An analysis conducted for the Kaiser Family Foundation's Commission on Medicaid and the Uninsured, "Medicaid, SCHIP and Economic Downturn: Policy Challenges and Policy Responses," projects the implications of a downturn for health coverage and state programs.
With more than half of states forecasting budget deficits for the coming fiscal year, Medicaid and the State Children's Health Insurance Program (SCHIP) are facing fiscal pressure at the same time that income and job losses are causing more people to seek enrollment in these programs, according to the analysis.
The analysis finds that for every 1-percent increase in the national unemployment rate:
- the number of uninsured in the country would grow by 1.1 million;
- Medicaid and SCHIP enrollment would increase by one million (600,000 children and 400,000 non-elderly adults);
- the enrollment increase in Medicaid and SCHIP would lead to $3.4 billion more in spending, of which $1.4 billion would be states' obligation;
- State General Fund revenue would drop by 3 percent to 4 percent, leading to state budget cuts - with Medicaid spending a likely target, since it's a substantial segment of state budgets.
States are looking for fiscal relief from the federal government as well as seeking a moratorium on federal regulations that would reduce Medicaid funding for states from Congress, according to reports.
The analysis documents how federal fiscal relief during the last economic downturn, in 2003-2004, helped stabilize Medicaid eligibility and let states avoid deeper budget cuts. The authors lay out three options that policymakers could consider in providing federal assistance for state health coverage programs when the economy slumps.

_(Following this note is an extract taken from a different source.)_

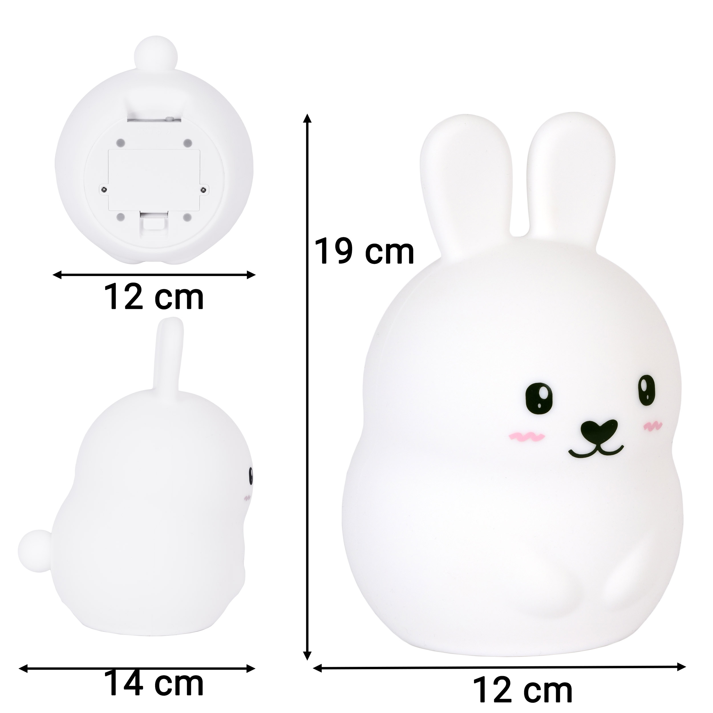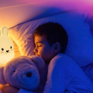 Lampka nocna w kształcie słodkiego królika LED idealnie nadaje się na prezent dla Twojego dziecka. Lampa wykonana z miękkiego i bezpiecznego silikonu, nie zawiera żadnych toksycznych substancji. Dzięki temu produkt nadaje się również dla najmłodszych. Ten uroczy królik posiada 3 tryby pracy, 9 kolorów i 3 timery. Dzięki uspokajającemu, ciepłemu światłu można przy tym bardzo łatwo zasnąć. Lampka nocna led zasilana jest za pomocą x3 baterii AAA lub kabla usb znajdującego się w zestawie. Sterowanie odbywa się za pomocą pilota zdalnego sterowania lub za pomocą stuknięć w lampkę. W nocy służy jako lampka nocna obok łóżka. W ciągu dnia zamienia się w zapierającą dech w piersiach dekorację. „Adoptuj” swojego własnego króliczka, aby cieszyć się jego wielofunkcyjnością.

KCMU also released the brief, "Medicaid in a Declining Economy: Limited Approaches for States to Control Spending," which analyzes results from its annual 50-state budget surveys of Medicaid directors from 2003 to 2007.
The brief contends that, with another economic downturn coming so quickly after the last one, states may have fewer policy options to control spending this time because many of the levers to make Medicaid programs more efficient have already been implemented. Cuts in eligibility or benefits may be more likely during this downturn.